A: cost of modified nucleotide is just simply related to scale, ... the only reason why phosphoramidites are inexpensive is due to the large scale. Eventually that cost goes down. We are trying to use as minimal modification as we can. We are exploring both exocylcic amine and 3 prime block modification. With reference to heat reomvables, that's one of the reasons we didn't pursue 3 prime blocks, because TdT will not accept modifications of the 3 prime end. We can hang ... on the bases.. and the enzyme will incorporate it, but any modification of the 3 prime end, will inhibit the use of the wild type protein. So we didn't want to engineer the protein and we decided to go that way. Our molecules come off with mild reducing agents and we can leave the scar until the end or take it off with the mild application of heat. But no heat required.

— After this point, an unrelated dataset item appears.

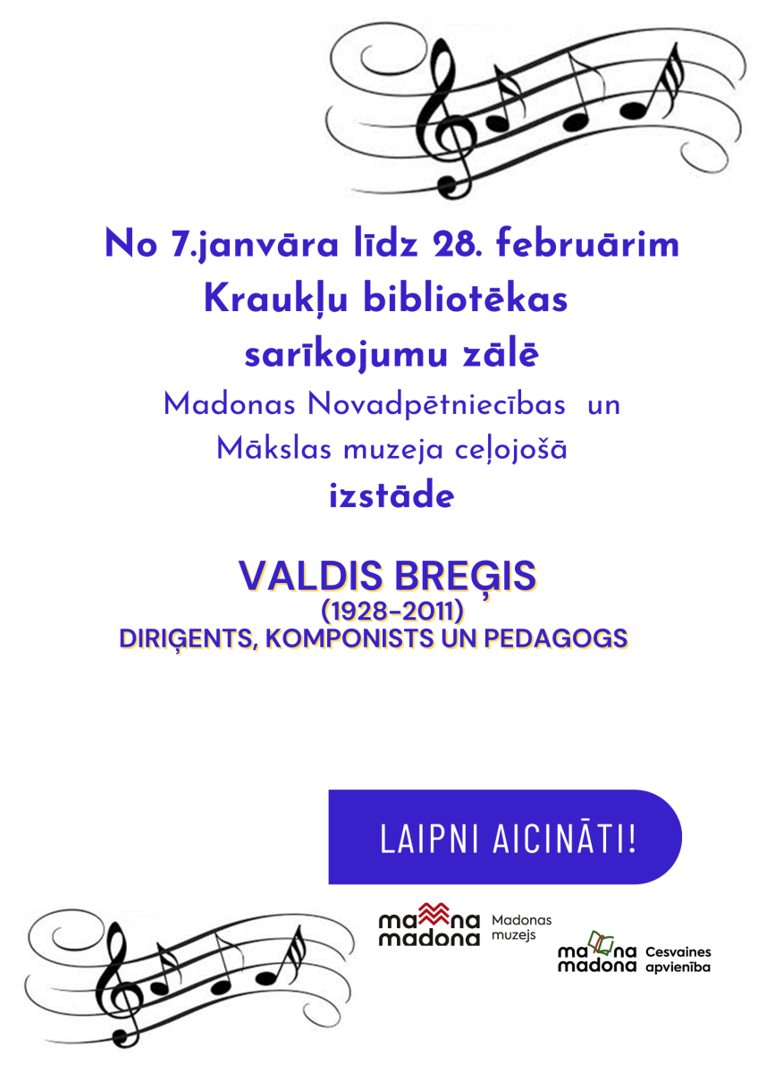 Diriģenta devums vairāk nekā 10 koru un ansambļu, kā arī vairāku, tai skaitā Madonas, rajonu kopkoru vadīšanā. Izstāde sniedz ieskatu Valda Breģa radošajā darbībā - mūzikas sacerēšanā un informē par pedagoģijai veltīto mūža daļu.

Q: A big part of the contribution to error rates in oligo synthesis comes from reactions that don't go to completion. Whether enzymatically or with chemistry, you still have to push a reaction to completion. I don't see how enzymes are going to do a better job of pushing the reaction to completion than traditional chemistry.
A: With some respect, you're right. We can... TdT quantitative additions. I had a discussion yesterday-- what are the limitations of phosphoramidite is a coupling reaction or is it subsequent degradation of strands formed during synthesis? I don't think that has been well defined. TdT has, I don't think it has an equilibrium point, we've been able to drive it whith low micromolar concentrations of heavily modified triphosphates to what looks like quantitative addition. We were able to implement sequencing based assay to see how many 9s we can put tin that.
Q: Secondary structure effects.
A: Synthesis in solution. Secondary structure effects, sure. We can leave the scar on. We are thinking minimalistic scar on the 3 of G or the n 4 of C will vanish secondary structure effects, we hope.